Should You Invest In The Capital Goods Stock Boart Longyear Limited (ASX:BLY)?

Boart Longyear Limited (ASX:BLY), a AUDA$315.46M small-cap, is a engineering and construction (E&C) company operating in an industry, which is expected to benefit from higher gross domestic product, high consumer confidence, and upbeat private sector investments. Capital goods analysts are forecasting for the entire industry, a positive double-digit growth of 17.55% in the upcoming year , and a strong near-term growth of 23.77% over the next couple of years. However, this rate came in below the growth rate of the Australian stock market as a whole. Below, I will examine the sector growth prospects, and also determine whether Boart Longyear is a laggard or leader relative to its capital goods peers. Check out our latest analysis for Boart Longyear

What’s the catalyst for Boart Longyear’s sector growth?

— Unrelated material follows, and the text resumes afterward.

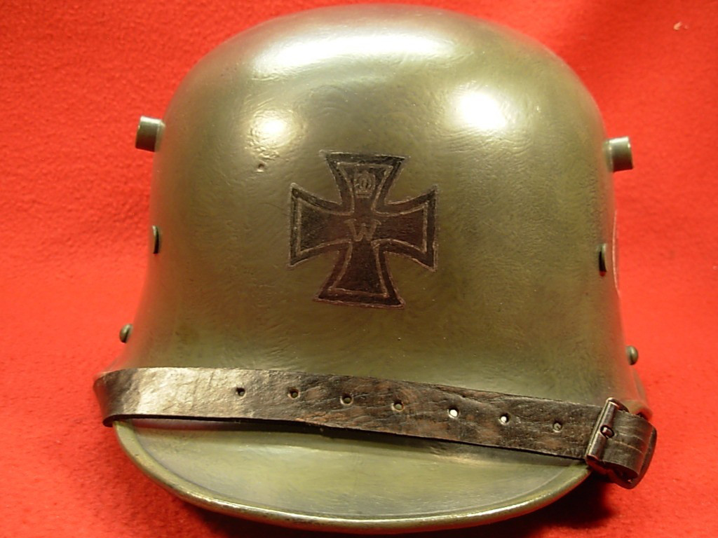 I.WK – Stahlhelm mit Eisernem Kreuz und MG Abzeichen 08/15 – Hörnerhelm –––––- Zustand siehe Bilder . Artikel stammt aus Sammlungsauflösung. Bei Fragen bitte Mail-
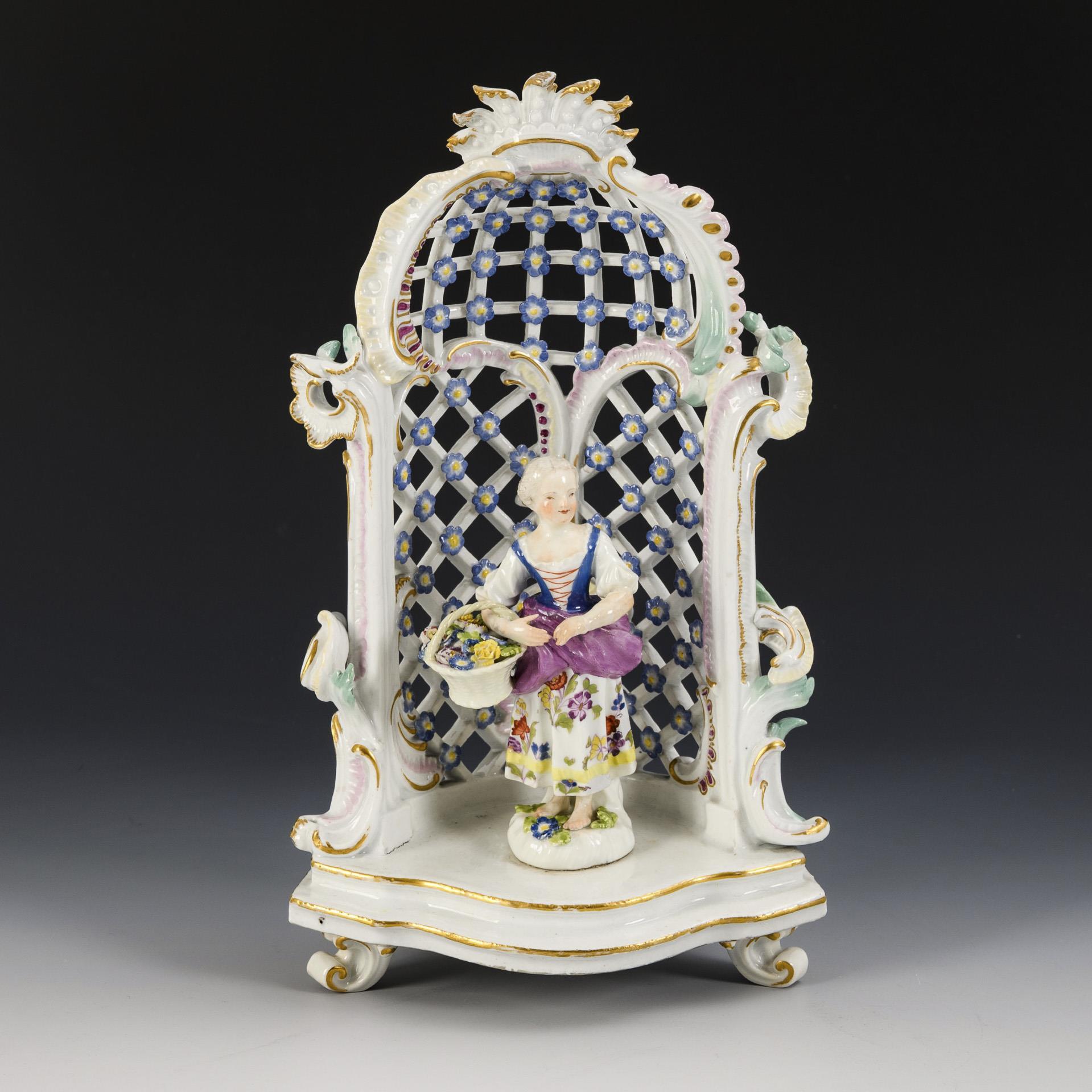 Gitterdurchbrochene Laube mit Rocaillezier, auf getrepptem Sockel mit drei Rocaillefüßen, darin ein Gärtnermädchen mit Korb stehend

ASX:BLY Past Future Earnings Jan 4th 18
ASX:BLY Past Future Earnings Jan 4th 18

The E&C industry in Australia faces growing competition from players in China, Korea and India. Firms in rapidly growing economies have spent the past decade focusing on their home markets, gradually building up cash positions and internal expertise. Now, as growth eases in their home markets, they are expanding outward and seeking to compete against established global players. In the past year, the industry delivered negative growth of -10.60%, underperforming the Australian market growth of 6.89%. Boart Longyear lags the pack with its sustained negative earnings over the past couple of years. The company’s outlook seems uncertain, with a lack of analyst coverage, which doesn’t boost our confidence in the stock. This lack of growth and transparency means Boart Longyear may be trading cheaper than its peers.

Is Boart Longyear and the sector relatively cheap?

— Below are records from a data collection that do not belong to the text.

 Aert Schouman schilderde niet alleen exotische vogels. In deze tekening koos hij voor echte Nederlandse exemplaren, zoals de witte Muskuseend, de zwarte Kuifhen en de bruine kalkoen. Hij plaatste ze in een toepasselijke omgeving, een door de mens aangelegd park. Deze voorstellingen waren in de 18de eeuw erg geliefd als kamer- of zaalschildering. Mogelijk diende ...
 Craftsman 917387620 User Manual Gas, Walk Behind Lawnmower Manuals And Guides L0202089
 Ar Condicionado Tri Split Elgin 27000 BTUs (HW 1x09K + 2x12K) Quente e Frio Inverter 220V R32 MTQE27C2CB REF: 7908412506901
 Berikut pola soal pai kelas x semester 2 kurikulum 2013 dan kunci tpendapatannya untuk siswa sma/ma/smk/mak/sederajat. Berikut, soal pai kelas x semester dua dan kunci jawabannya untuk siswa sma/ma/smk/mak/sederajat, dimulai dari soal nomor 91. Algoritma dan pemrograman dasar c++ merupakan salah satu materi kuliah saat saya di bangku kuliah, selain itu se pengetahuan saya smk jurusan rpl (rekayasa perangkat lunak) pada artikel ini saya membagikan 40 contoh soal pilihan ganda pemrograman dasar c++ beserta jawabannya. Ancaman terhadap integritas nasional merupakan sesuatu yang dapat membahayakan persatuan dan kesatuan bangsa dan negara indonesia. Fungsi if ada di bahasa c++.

ASX:BLY PE PEG Gauge Jan 4th 18
ASX:BLY PE PEG Gauge Jan 4th 18

E&C companies are typically trading at a PE of 17x, in-line with the Australian stock market PE of 18x. This means the industry, on average, is fairly valued compared to the wider market – minimal expected gains and losses from mispricing here. However, the industry returned a lower 9.36% compared to the market’s 11.87%, potentially indicative of past headwinds. Since Boart Longyear’s earnings doesn’t seem to reflect its true value, its PE ratio isn’t very useful. A loose alternative to gauge Boart Longyear’s value is to assume the stock should be relatively in-line with its industry.

What this means for you:

Are you a shareholder? Boart Longyear recently delivered an industry-beating growth rate in earnings, which is a positive for shareholders. If you’re bullish on the stock and well-diversified by industry, you may decide to hold onto Boart Longyear as part of your portfolio. However, if you’re relatively concentrated in E&C, you may want to value Boart Longyear based on its cash flows to determine if it is overpriced based on its current growth outlook.